● Instructions for the task: Pictures excluded, return the lines below from the first through the line holding "Studien van Hollandsche".

● Supplied data:
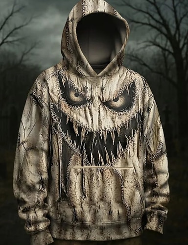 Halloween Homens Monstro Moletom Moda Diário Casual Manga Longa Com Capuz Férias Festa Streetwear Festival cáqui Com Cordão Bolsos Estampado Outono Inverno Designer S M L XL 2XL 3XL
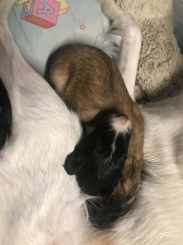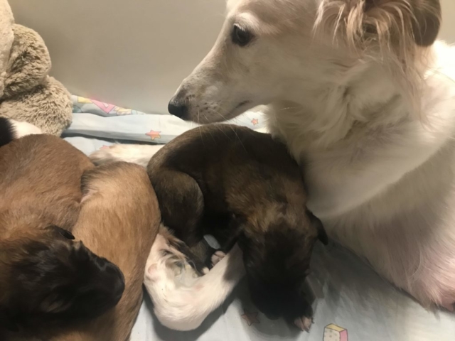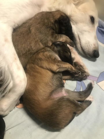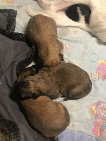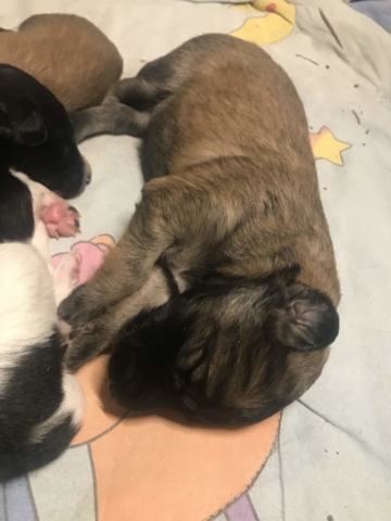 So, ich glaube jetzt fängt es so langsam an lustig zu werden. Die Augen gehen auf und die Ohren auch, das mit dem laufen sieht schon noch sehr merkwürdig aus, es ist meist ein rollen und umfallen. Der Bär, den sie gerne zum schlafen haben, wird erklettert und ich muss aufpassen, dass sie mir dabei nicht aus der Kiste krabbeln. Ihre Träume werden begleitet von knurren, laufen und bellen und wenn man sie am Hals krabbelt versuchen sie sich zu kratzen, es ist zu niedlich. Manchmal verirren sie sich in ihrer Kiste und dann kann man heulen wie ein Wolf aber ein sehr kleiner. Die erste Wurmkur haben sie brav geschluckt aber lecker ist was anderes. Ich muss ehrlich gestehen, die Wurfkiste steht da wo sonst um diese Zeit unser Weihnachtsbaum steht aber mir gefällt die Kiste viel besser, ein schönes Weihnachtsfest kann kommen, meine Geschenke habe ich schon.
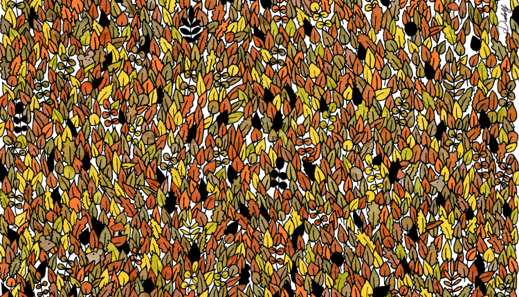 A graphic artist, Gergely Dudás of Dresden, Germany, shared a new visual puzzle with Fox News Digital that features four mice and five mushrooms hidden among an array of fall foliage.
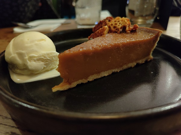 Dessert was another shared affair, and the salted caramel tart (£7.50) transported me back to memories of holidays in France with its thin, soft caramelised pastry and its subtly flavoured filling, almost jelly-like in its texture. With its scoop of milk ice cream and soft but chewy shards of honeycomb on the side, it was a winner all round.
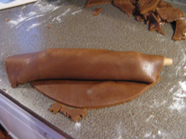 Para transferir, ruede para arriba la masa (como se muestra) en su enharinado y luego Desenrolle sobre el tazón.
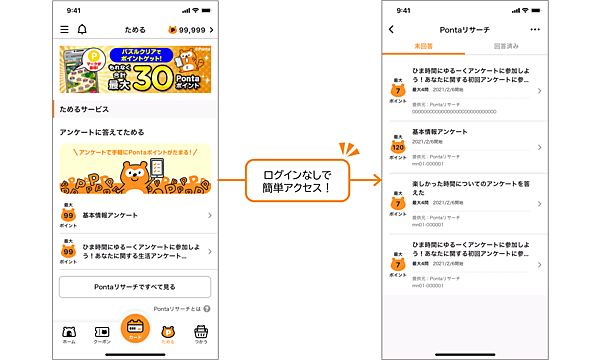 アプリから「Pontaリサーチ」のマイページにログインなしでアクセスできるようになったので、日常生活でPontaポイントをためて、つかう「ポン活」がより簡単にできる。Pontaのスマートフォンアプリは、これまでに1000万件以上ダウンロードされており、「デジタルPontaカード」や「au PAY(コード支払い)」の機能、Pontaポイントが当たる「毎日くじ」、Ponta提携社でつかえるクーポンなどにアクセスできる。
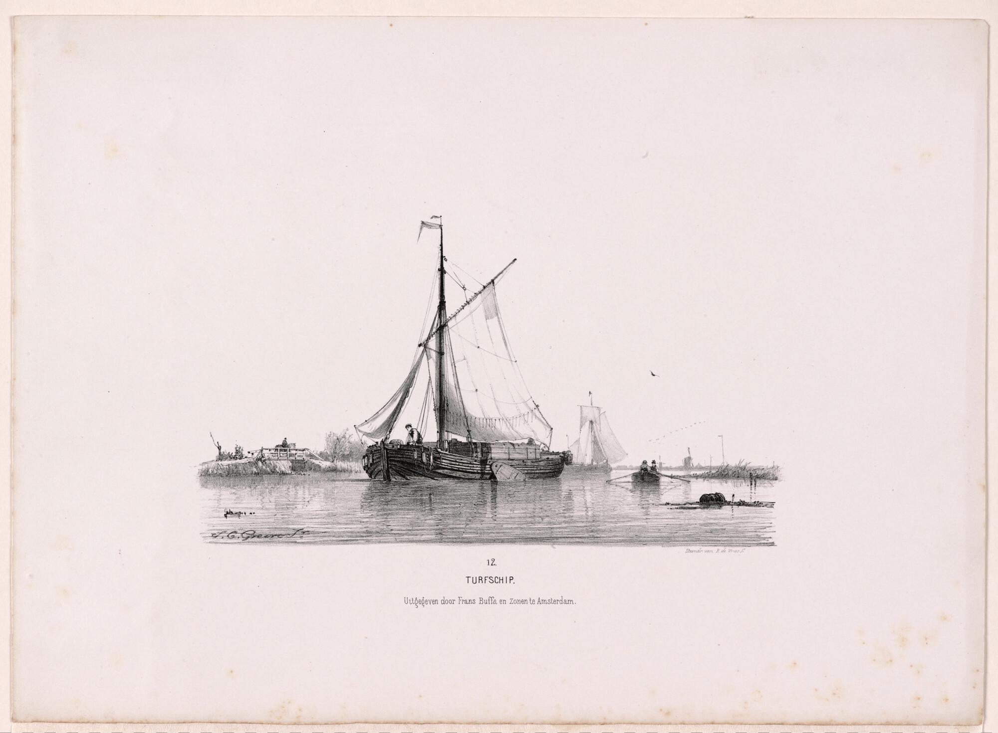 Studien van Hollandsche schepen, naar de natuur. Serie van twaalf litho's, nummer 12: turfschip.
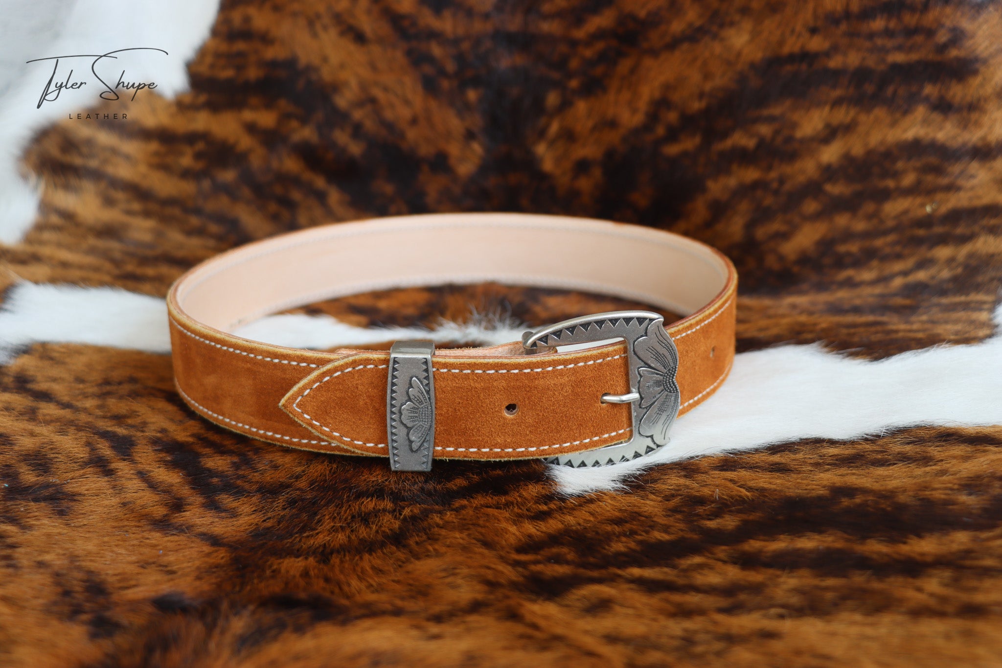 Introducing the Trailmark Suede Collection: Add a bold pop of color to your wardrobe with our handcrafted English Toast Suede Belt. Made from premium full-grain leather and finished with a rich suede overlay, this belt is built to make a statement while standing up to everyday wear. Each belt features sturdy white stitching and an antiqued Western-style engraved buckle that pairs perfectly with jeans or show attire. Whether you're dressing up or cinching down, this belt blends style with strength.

● Written solution:
 Halloween Homens Monstro Moletom Moda Diário Casual Manga Longa Com Capuz Férias Festa Streetwear Festival cáqui Com Cordão Bolsos Estampado Outono Inverno Designer S M L XL 2XL 3XL
 So, ich glaube jetzt fängt es so langsam an lustig zu werden. Die Augen gehen auf und die Ohren auch, das mit dem laufen sieht schon noch sehr merkwürdig aus, es ist meist ein rollen und umfallen. Der Bär, den sie gerne zum schlafen haben, wird erklettert und ich muss aufpassen, dass sie mir dabei nicht aus der Kiste krabbeln. Ihre Träume werden begleitet von knurren, laufen und bellen und wenn man sie am Hals krabbelt versuchen sie sich zu kratzen, es ist zu niedlich. Manchmal verirren sie sich in ihrer Kiste und dann kann man heulen wie ein Wolf aber ein sehr kleiner. Die erste Wurmkur haben sie brav geschluckt aber lecker ist was anderes. Ich muss ehrlich gestehen, die Wurfkiste steht da wo sonst um diese Zeit unser Weihnachtsbaum steht aber mir gefällt die Kiste viel besser, ein schönes Weihnachtsfest kann kommen, meine Geschenke habe ich schon.
 A graphic artist, Gergely Dudás of Dresden, Germany, shared a new visual puzzle with Fox News Digital that features four mice and five mushrooms hidden among an array of fall foliage.
 Dessert was another shared affair, and the salted caramel tart (£7.50) transported me back to memories of holidays in France with its thin, soft caramelised pastry and its subtly flavoured filling, almost jelly-like in its texture. With its scoop of milk ice cream and soft but chewy shards of honeycomb on the side, it was a winner all round.
 Para transferir, ruede para arriba la masa (como se muestra) en su enharinado y luego Desenrolle sobre el tazón.
 アプリから「Pontaリサーチ」のマイページにログインなしでアクセスできるようになったので、日常生活でPontaポイントをためて、つかう「ポン活」がより簡単にできる。Pontaのスマートフォンアプリは、これまでに1000万件以上ダウンロードされており、「デジタルPontaカード」や「au PAY(コード支払い)」の機能、Pontaポイントが当たる「毎日くじ」、Ponta提携社でつかえるクーポンなどにアクセスできる。
 Studien van Hollandsche schepen, naar de natuur. Serie van twaalf litho's, nummer 12: turfschip.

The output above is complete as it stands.